■ **Assignment**: Reproduce each entry exactly as it reads. Leave the images out.

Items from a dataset
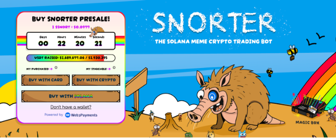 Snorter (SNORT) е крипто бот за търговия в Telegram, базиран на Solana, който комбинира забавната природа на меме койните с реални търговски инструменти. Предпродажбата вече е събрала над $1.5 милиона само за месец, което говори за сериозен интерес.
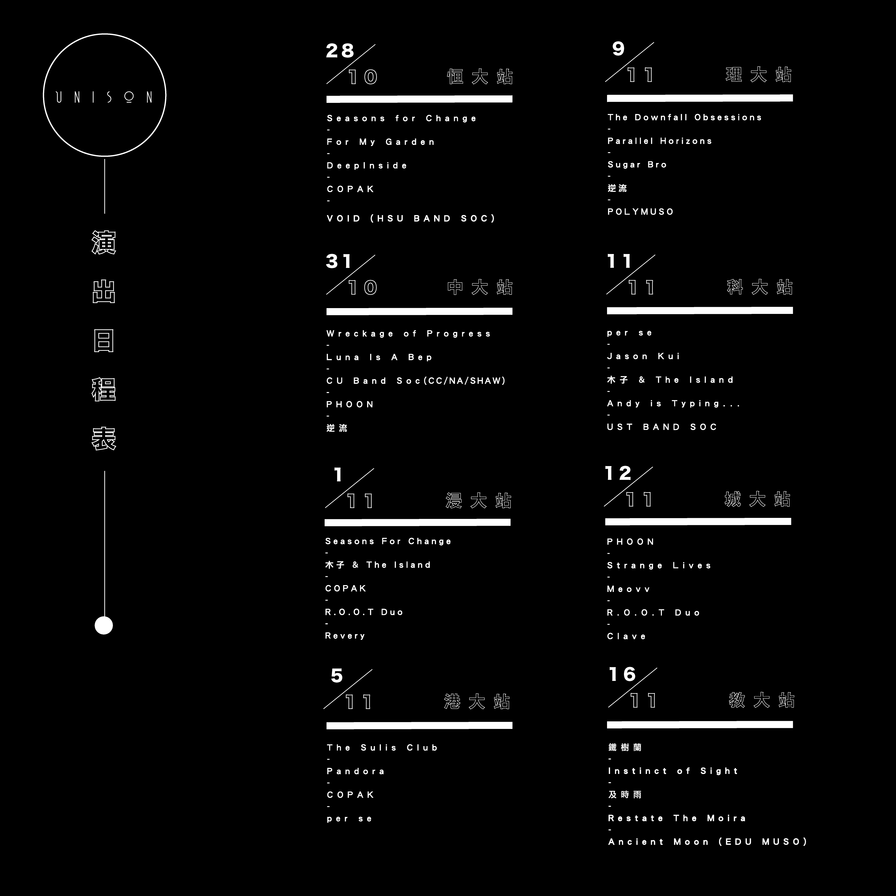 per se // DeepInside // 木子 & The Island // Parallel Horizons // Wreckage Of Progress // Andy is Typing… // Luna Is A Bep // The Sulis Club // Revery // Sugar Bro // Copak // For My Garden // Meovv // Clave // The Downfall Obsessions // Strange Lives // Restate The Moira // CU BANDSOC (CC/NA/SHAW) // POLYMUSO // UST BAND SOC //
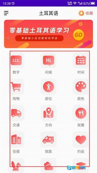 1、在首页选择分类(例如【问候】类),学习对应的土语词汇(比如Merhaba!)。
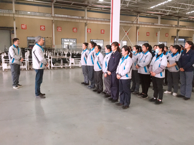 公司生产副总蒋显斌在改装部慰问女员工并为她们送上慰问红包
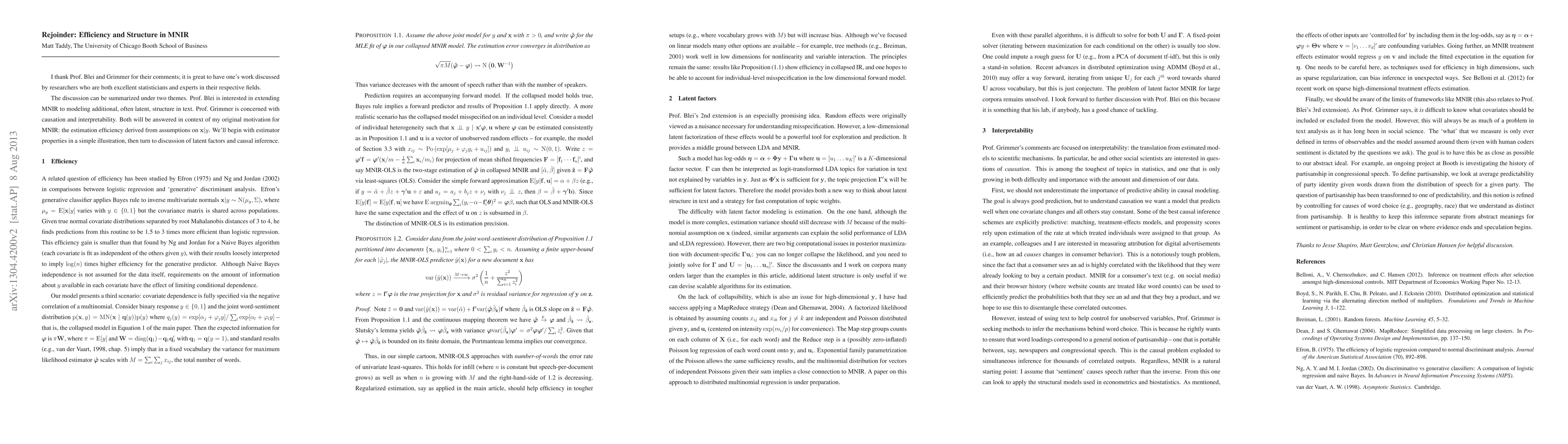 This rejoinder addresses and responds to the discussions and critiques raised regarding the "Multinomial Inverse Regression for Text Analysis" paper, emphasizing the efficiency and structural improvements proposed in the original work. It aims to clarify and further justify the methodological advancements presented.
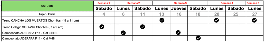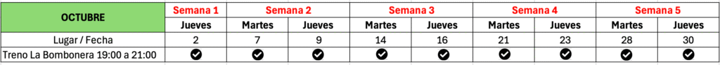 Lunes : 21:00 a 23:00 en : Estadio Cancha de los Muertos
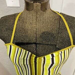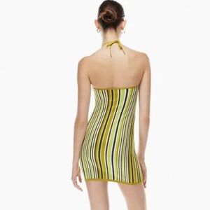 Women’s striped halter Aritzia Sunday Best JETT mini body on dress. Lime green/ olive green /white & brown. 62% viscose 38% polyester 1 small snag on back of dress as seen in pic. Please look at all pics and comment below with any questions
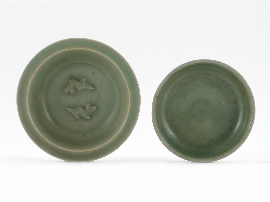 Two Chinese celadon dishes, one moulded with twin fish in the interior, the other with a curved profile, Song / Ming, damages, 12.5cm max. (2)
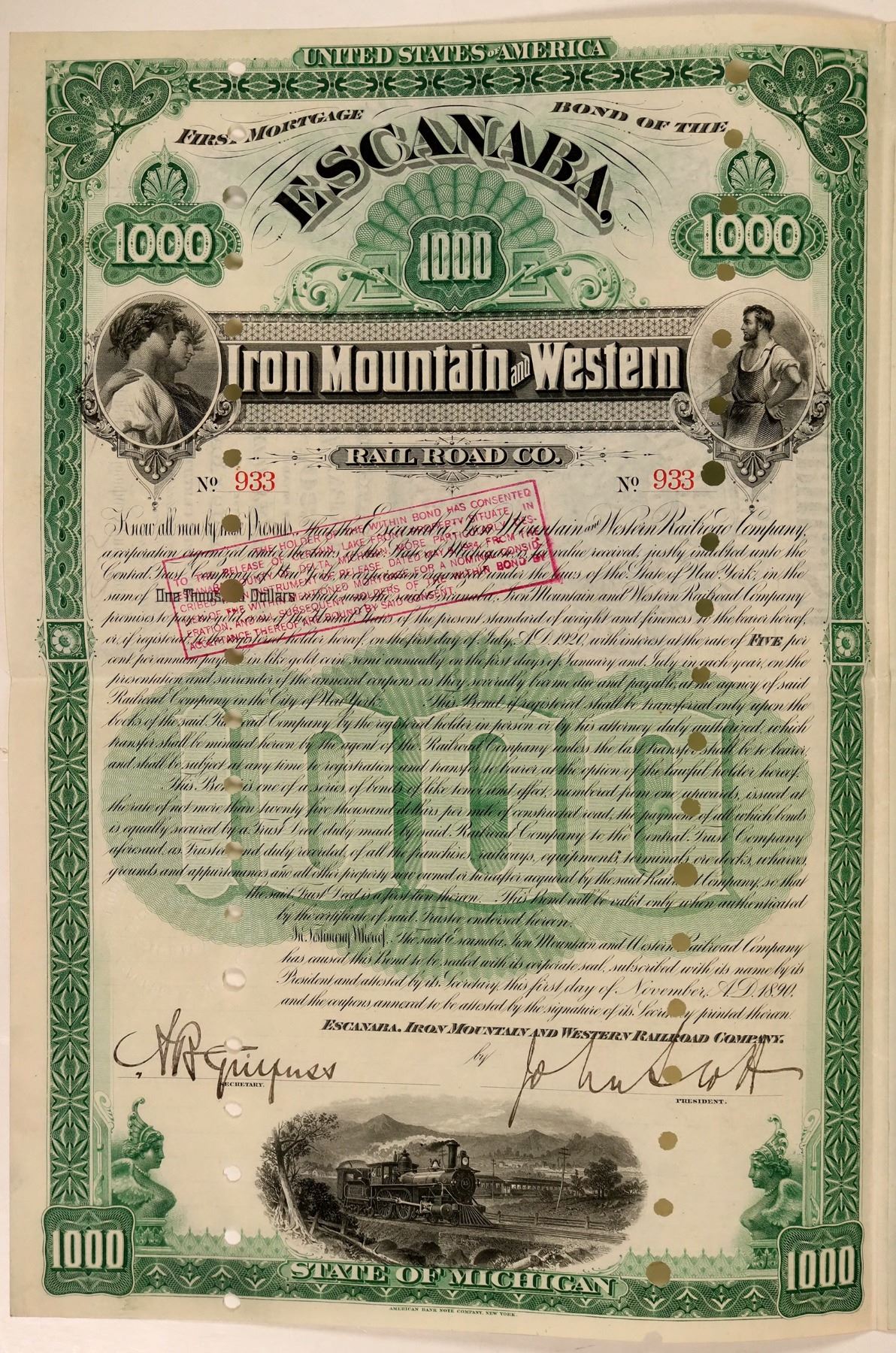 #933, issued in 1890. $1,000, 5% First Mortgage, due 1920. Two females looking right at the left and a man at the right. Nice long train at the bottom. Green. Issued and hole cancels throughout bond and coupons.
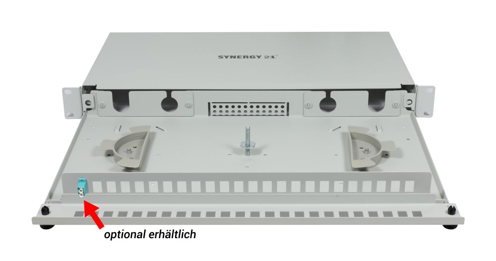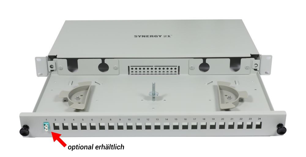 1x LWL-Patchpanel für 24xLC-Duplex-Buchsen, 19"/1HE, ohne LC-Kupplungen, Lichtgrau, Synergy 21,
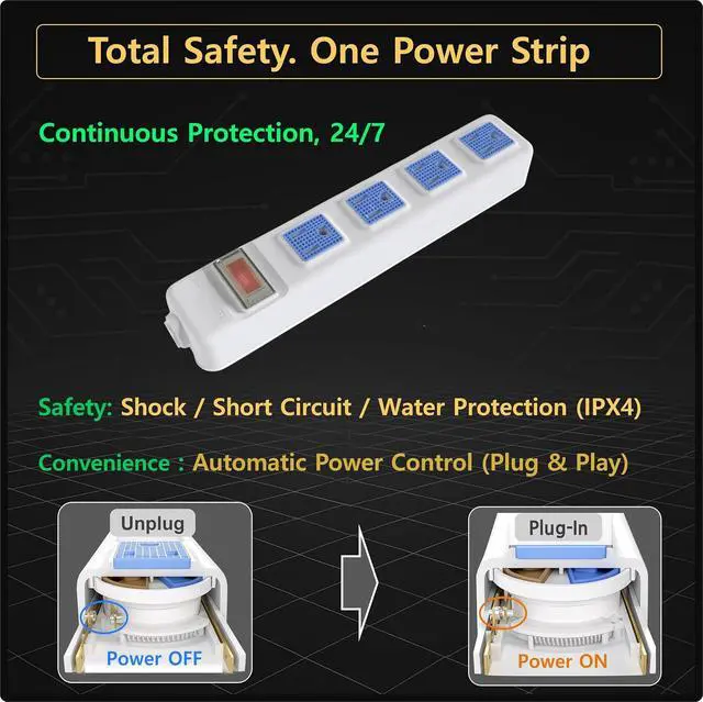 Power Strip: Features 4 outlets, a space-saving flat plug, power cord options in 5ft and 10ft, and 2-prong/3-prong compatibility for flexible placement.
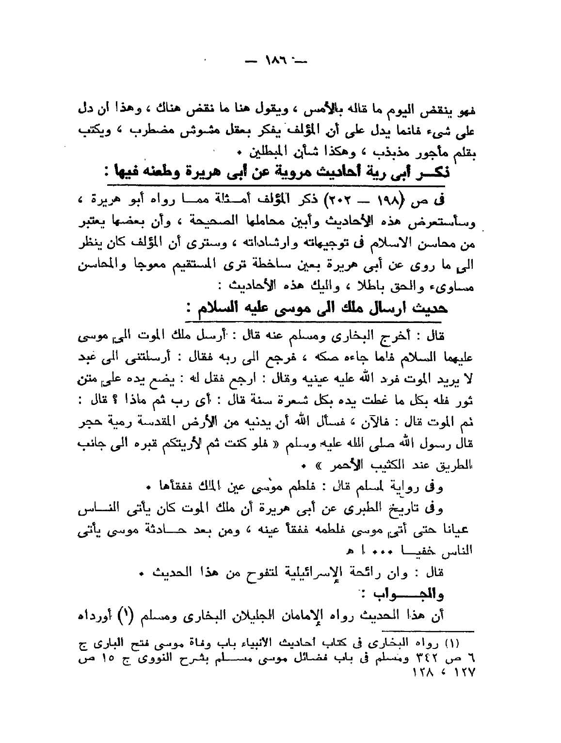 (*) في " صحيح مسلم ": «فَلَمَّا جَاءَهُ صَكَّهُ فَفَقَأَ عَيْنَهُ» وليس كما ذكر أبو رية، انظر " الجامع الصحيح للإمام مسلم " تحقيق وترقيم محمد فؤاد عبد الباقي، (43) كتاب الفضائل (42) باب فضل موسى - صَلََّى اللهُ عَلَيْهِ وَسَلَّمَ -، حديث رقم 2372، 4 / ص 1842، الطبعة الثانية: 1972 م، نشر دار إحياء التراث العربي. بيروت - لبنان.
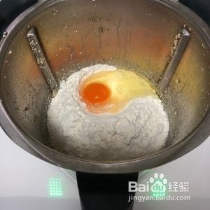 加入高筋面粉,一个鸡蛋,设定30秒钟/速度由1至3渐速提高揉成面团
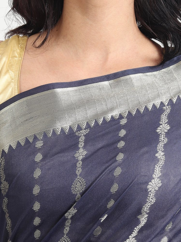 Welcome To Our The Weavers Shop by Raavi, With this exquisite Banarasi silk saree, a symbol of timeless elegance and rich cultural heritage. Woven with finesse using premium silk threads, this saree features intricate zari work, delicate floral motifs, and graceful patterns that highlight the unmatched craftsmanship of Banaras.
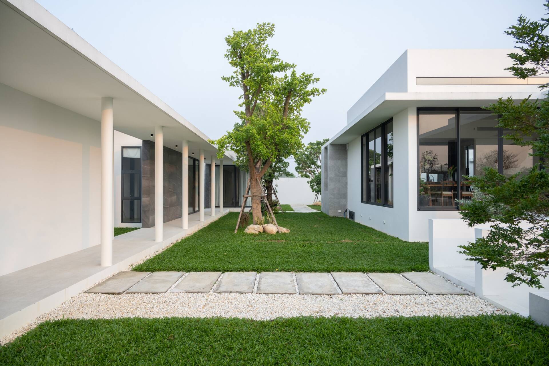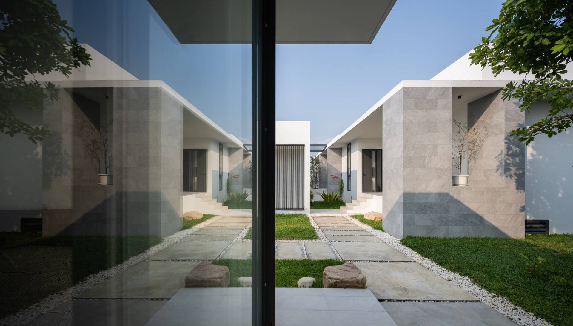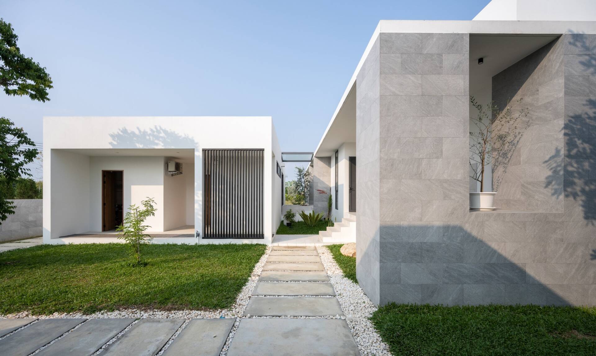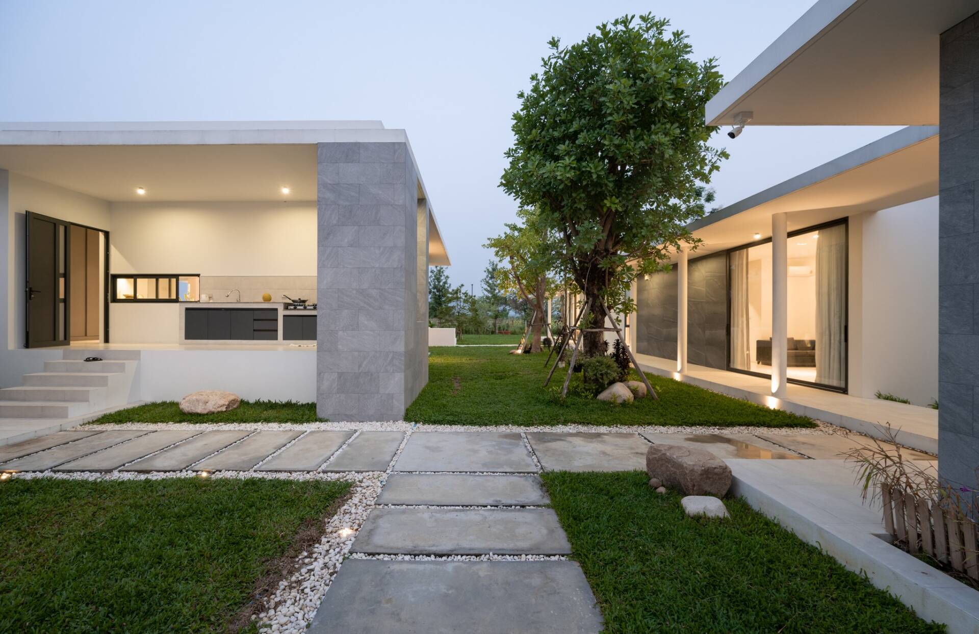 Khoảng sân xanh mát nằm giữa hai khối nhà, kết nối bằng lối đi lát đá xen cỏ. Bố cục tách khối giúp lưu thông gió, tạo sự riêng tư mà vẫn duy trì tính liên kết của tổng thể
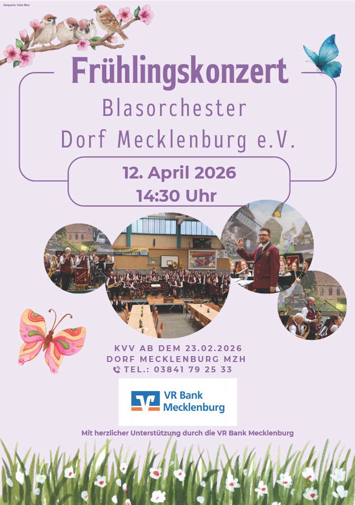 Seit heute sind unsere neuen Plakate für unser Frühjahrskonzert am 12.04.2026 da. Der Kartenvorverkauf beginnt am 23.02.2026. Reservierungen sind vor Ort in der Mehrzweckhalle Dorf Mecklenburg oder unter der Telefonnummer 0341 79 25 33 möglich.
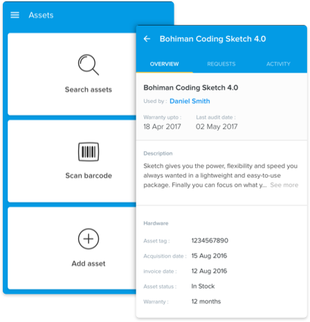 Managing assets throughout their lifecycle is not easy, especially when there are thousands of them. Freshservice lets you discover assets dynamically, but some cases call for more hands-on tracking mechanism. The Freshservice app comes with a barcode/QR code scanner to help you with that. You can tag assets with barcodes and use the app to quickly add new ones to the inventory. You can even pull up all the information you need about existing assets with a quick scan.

■ **Answer for the task**:
 Snorter (SNORT) е крипто бот за търговия в Telegram, базиран на Solana, който комбинира забавната природа на меме койните с реални търговски инструменти. Предпродажбата вече е събрала над $1.5 милиона само за месец, което говори за сериозен интерес.
 per se // DeepInside // 木子 & The Island // Parallel Horizons // Wreckage Of Progress // Andy is Typing… // Luna Is A Bep // The Sulis Club // Revery // Sugar Bro // Copak // For My Garden // Meovv // Clave // The Downfall Obsessions // Strange Lives // Restate The Moira // CU BANDSOC (CC/NA/SHAW) // POLYMUSO // UST BAND SOC //
 1、在首页选择分类(例如【问候】类),学习对应的土语词汇(比如Merhaba!)。
 公司生产副总蒋显斌在改装部慰问女员工并为她们送上慰问红包
 This rejoinder addresses and responds to the discussions and critiques raised regarding the "Multinomial Inverse Regression for Text Analysis" paper, emphasizing the efficiency and structural improvements proposed in the original work. It aims to clarify and further justify the methodological advancements presented.
 Lunes : 21:00 a 23:00 en : Estadio Cancha de los Muertos
 Women’s striped halter Aritzia Sunday Best JETT mini body on dress. Lime green/ olive green /white & brown. 62% viscose 38% polyester 1 small snag on back of dress as seen in pic. Please look at all pics and comment below with any questions
 Two Chinese celadon dishes, one moulded with twin fish in the interior, the other with a curved profile, Song / Ming, damages, 12.5cm max. (2)
 #933, issued in 1890. $1,000, 5% First Mortgage, due 1920. Two females looking right at the left and a man at the right. Nice long train at the bottom. Green. Issued and hole cancels throughout bond and coupons.
 1x LWL-Patchpanel für 24xLC-Duplex-Buchsen, 19"/1HE, ohne LC-Kupplungen, Lichtgrau, Synergy 21,
 Power Strip: Features 4 outlets, a space-saving flat plug, power cord options in 5ft and 10ft, and 2-prong/3-prong compatibility for flexible placement.
 (*) في " صحيح مسلم ": «فَلَمَّا جَاءَهُ صَكَّهُ فَفَقَأَ عَيْنَهُ» وليس كما ذكر أبو رية، انظر " الجامع الصحيح للإمام مسلم " تحقيق وترقيم محمد فؤاد عبد الباقي، (43) كتاب الفضائل (42) باب فضل موسى - صَلََّى اللهُ عَلَيْهِ وَسَلَّمَ -، حديث رقم 2372، 4 / ص 1842، الطبعة الثانية: 1972 م، نشر دار إحياء التراث العربي. بيروت - لبنان.
 加入高筋面粉,一个鸡蛋,设定30秒钟/速度由1至3渐速提高揉成面团
 Welcome To Our The Weavers Shop by Raavi, With this exquisite Banarasi silk saree, a symbol of timeless elegance and rich cultural heritage. Woven with finesse using premium silk threads, this saree features intricate zari work, delicate floral motifs, and graceful patterns that highlight the unmatched craftsmanship of Banaras.
 Khoảng sân xanh mát nằm giữa hai khối nhà, kết nối bằng lối đi lát đá xen cỏ. Bố cục tách khối giúp lưu thông gió, tạo sự riêng tư mà vẫn duy trì tính liên kết của tổng thể
 Seit heute sind unsere neuen Plakate für unser Frühjahrskonzert am 12.04.2026 da. Der Kartenvorverkauf beginnt am 23.02.2026. Reservierungen sind vor Ort in der Mehrzweckhalle Dorf Mecklenburg oder unter der Telefonnummer 0341 79 25 33 möglich.
 Managing assets throughout their lifecycle is not easy, especially when there are thousands of them. Freshservice lets you discover assets dynamically, but some cases call for more hands-on tracking mechanism. The Freshservice app comes with a barcode/QR code scanner to help you with that. You can tag assets with barcodes and use the app to quickly add new ones to the inventory. You can even pull up all the information you need about existing assets with a quick scan.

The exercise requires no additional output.